*** ENTRIES PROVIDED Section Begins ***

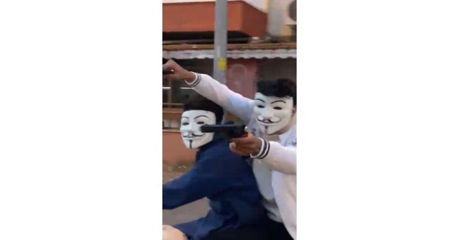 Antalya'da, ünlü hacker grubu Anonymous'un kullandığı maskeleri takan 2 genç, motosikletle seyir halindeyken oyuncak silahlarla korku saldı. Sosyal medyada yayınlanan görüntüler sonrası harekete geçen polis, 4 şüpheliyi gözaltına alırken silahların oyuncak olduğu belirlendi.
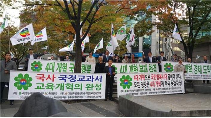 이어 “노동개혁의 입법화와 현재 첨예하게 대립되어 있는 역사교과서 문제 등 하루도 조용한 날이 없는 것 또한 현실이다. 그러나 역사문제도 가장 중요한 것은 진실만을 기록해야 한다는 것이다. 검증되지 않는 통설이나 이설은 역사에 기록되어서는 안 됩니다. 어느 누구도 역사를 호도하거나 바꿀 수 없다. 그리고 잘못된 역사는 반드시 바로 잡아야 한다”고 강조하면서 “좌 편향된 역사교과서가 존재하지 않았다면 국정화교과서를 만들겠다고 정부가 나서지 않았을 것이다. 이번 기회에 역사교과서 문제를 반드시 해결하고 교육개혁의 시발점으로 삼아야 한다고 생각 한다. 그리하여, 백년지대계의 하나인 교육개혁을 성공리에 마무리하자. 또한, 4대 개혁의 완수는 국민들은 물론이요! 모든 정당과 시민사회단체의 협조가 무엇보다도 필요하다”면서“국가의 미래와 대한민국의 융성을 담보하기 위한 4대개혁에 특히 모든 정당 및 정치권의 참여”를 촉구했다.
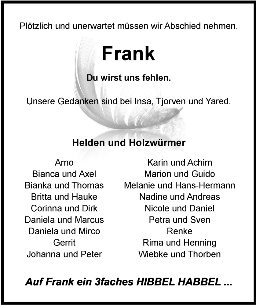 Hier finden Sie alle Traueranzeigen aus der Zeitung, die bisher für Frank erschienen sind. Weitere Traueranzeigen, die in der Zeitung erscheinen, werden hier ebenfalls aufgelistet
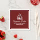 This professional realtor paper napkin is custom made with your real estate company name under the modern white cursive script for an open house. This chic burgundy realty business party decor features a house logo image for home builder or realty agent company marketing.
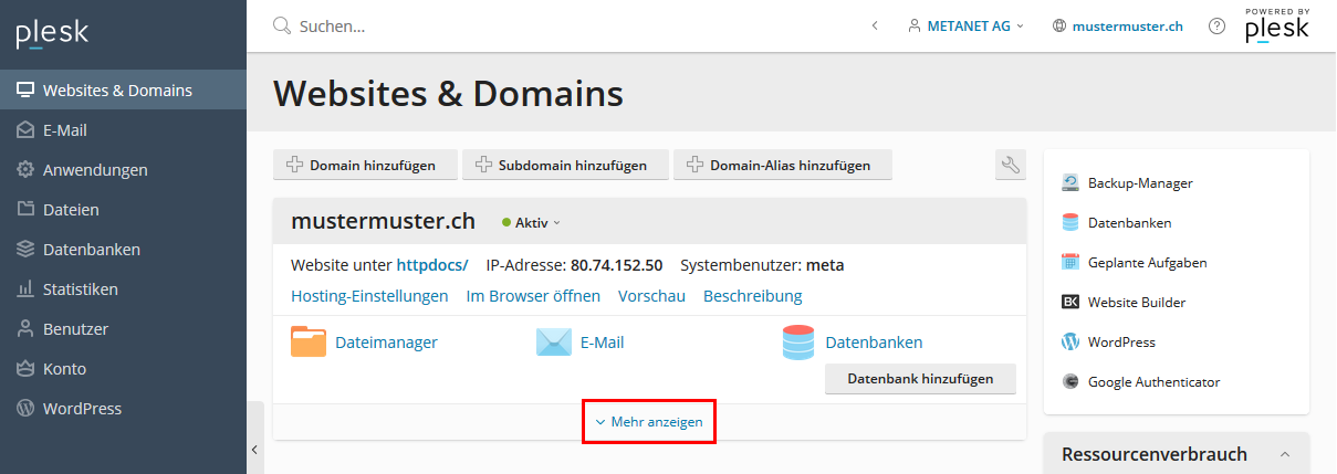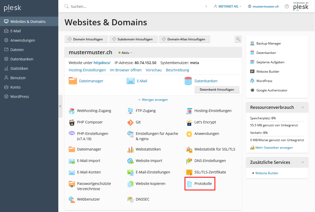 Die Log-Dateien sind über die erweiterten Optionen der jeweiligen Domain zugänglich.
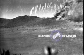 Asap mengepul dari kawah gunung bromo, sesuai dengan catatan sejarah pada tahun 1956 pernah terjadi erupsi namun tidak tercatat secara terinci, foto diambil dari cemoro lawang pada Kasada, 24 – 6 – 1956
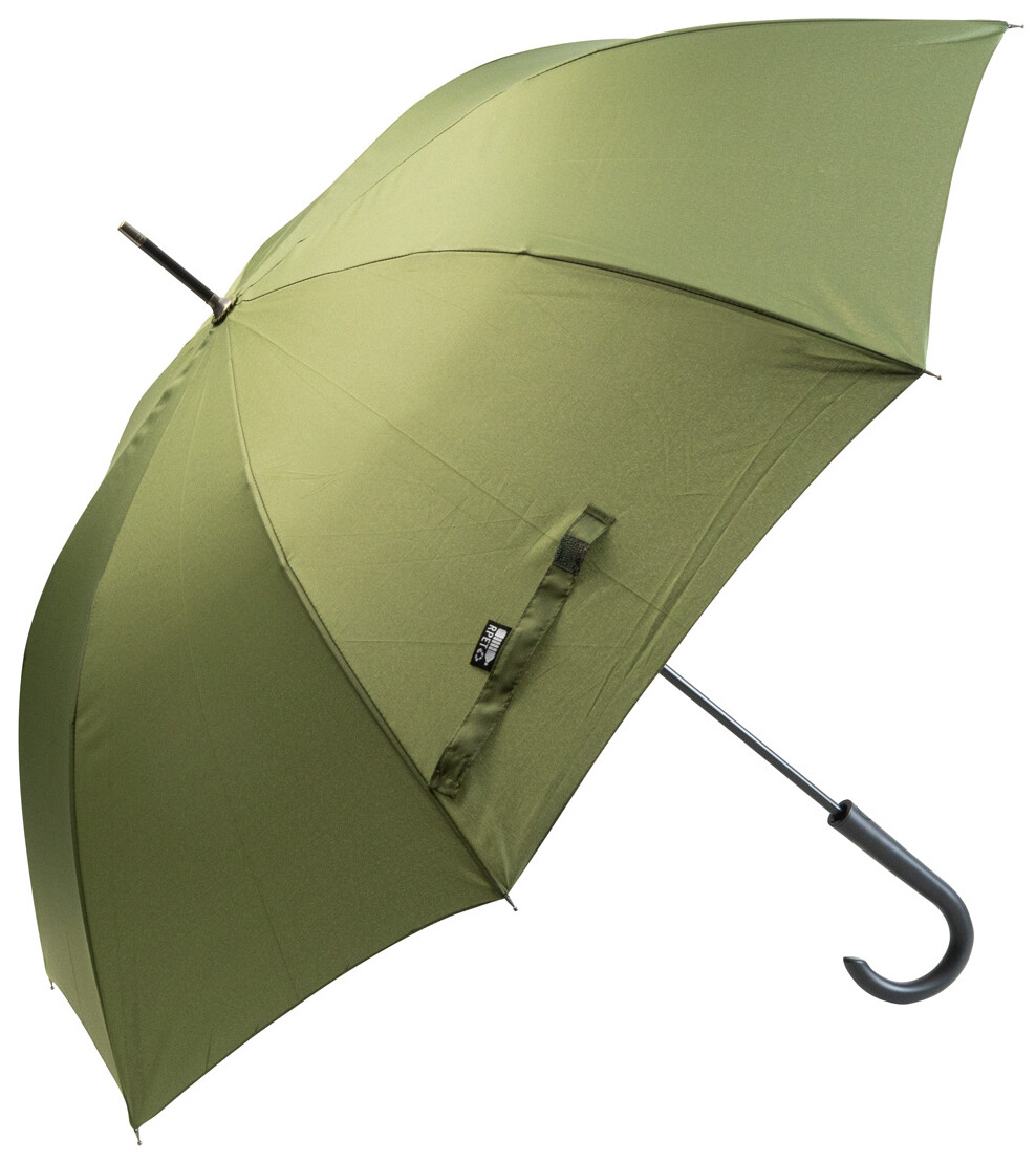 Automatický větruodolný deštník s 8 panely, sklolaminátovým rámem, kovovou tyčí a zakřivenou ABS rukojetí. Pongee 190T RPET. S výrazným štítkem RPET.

*** ENTRIES PROVIDED Section Ends ***
*** ENTRIES PROVIDED Section Begins ***

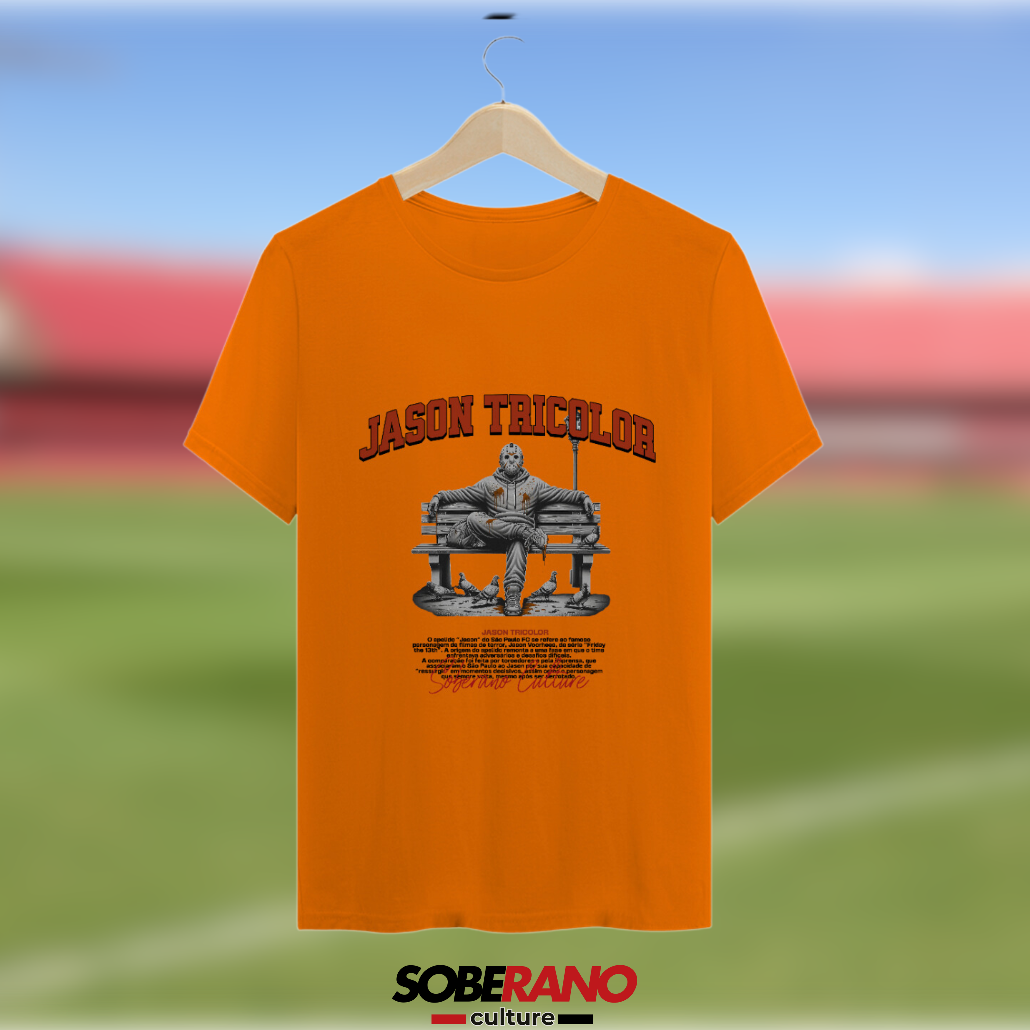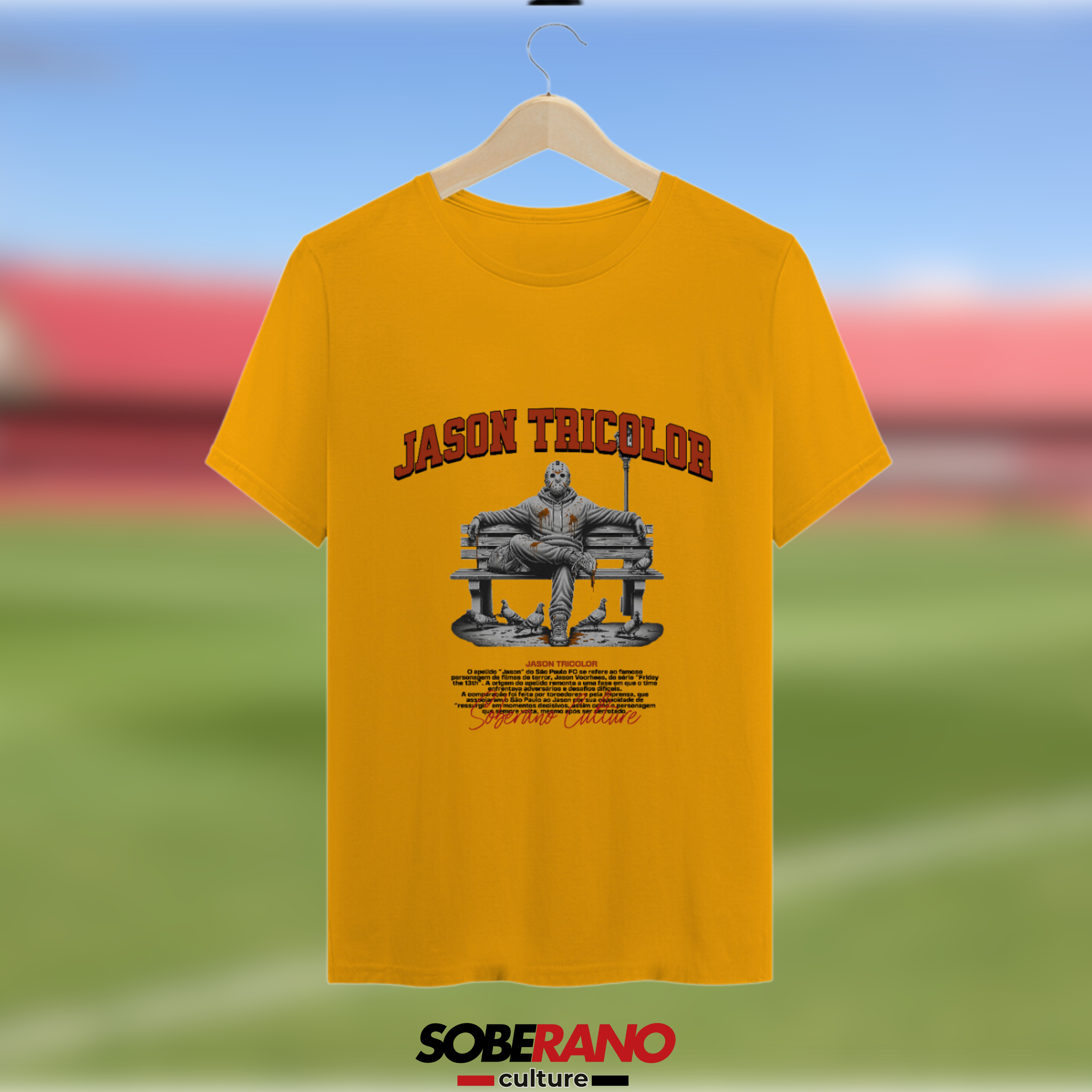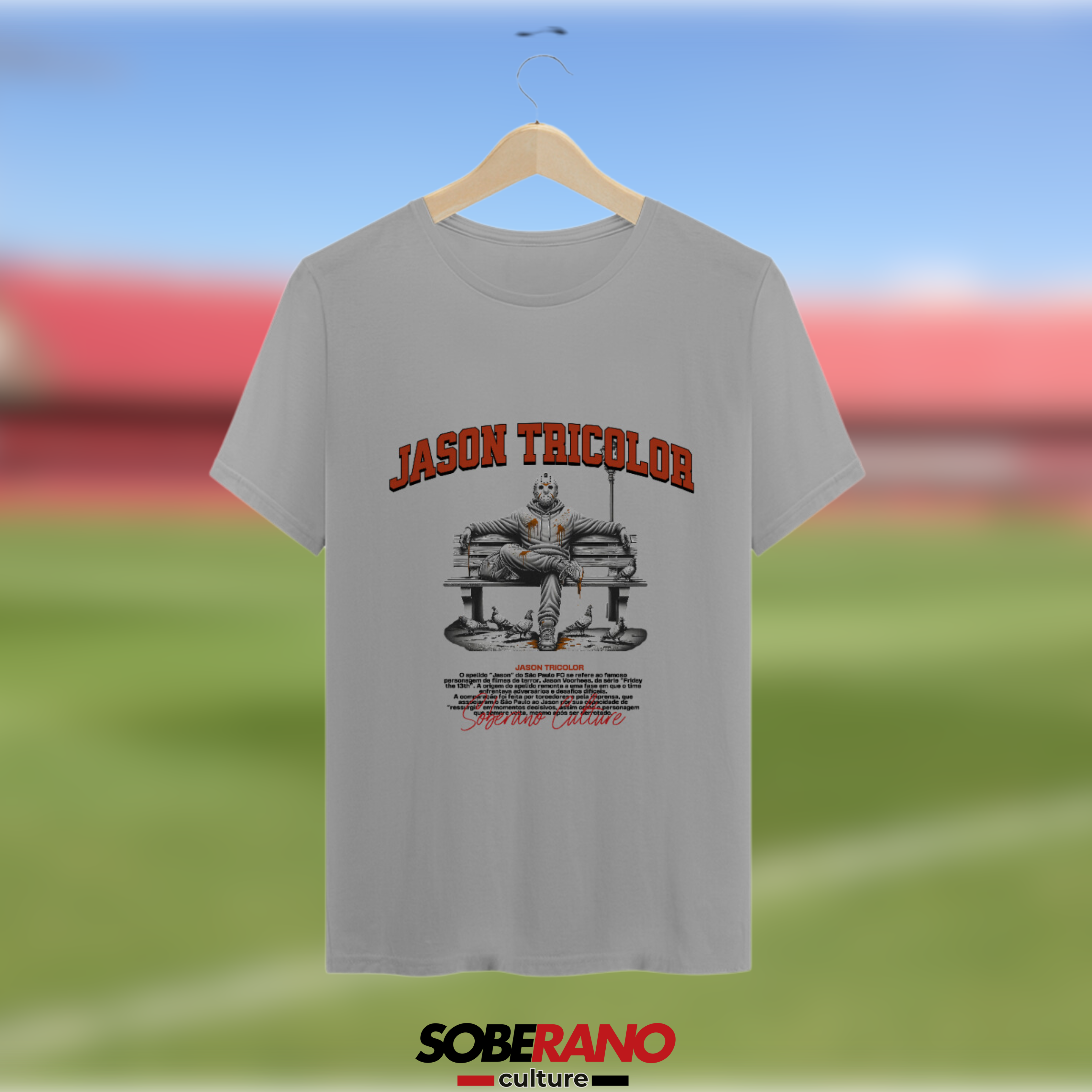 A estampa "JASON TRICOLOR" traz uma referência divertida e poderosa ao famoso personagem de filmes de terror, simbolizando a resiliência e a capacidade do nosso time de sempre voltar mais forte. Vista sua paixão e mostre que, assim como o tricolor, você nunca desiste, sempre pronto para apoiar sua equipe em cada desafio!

*** ENTRIES PROVIDED Section Ends ***

▶ [REQUIRED ACTION]
Produce an exact reproduction of the listing above, limited to the lines starting at the line with "Asap mengepul dari" and ending at the line with "Automatický větruodolný deštník", both kept, with every picture left out.

▶ [TASK RESPONSE]
 Asap mengepul dari kawah gunung bromo, sesuai dengan catatan sejarah pada tahun 1956 pernah terjadi erupsi namun tidak tercatat secara terinci, foto diambil dari cemoro lawang pada Kasada, 24 – 6 – 1956
 Automatický větruodolný deštník s 8 panely, sklolaminátovým rámem, kovovou tyčí a zakřivenou ABS rukojetí. Pongee 190T RPET. S výrazným štítkem RPET.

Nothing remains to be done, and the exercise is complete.